While Germany was conducting its military campaign in Western Europe in May and June 1940, the USSR invaded the Baltic states. On 14 June 1940, an ultimatum was served to Lithuania on the alleged grounds of abduction of Red Army troops. The ultimatum said Lithuania should remove officials that the USSR found unsuitable (the Minister of the Interior and the Head of the Security Department in particular), replace the government, and allow an unlimited number of Red Army troops to enter the country. The acceptance of the ultimatum would have meant the loss of sovereignty, but Soviet foreign minister Vyacheslav Molotov declared to diplomat Juozas Urbšys that, whatever the reply may be, "troops will enter Lithuania tomorrow nonetheless". The ultimatum was a violation of every prior agreement between Lithuania and the USSR and of international law governing the relations of sovereign states.
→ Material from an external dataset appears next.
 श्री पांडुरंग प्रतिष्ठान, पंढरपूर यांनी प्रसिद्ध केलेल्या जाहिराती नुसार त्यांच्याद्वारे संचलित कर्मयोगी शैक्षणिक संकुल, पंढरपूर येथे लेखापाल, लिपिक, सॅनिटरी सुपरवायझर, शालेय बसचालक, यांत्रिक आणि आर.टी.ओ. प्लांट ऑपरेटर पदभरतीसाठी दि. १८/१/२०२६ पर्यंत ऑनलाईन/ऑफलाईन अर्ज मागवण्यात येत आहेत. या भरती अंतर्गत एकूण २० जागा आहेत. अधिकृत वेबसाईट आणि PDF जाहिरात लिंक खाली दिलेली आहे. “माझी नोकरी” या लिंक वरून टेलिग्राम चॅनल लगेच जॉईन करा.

The last session of the government of the Republic of Lithuania was called to discuss the ultimatum, with most members in favour of accepting it. On 15 June, President Antanas Smetona left for the West, expecting to return when the geopolitical situation changed, leaving Prime Minister Antanas Merkys in Lithuania. Before his departure, Smetona transferred most presidential duties to Merkys. Under the constitution, the prime minister became acting president whenever the president was unable to carry out his duties.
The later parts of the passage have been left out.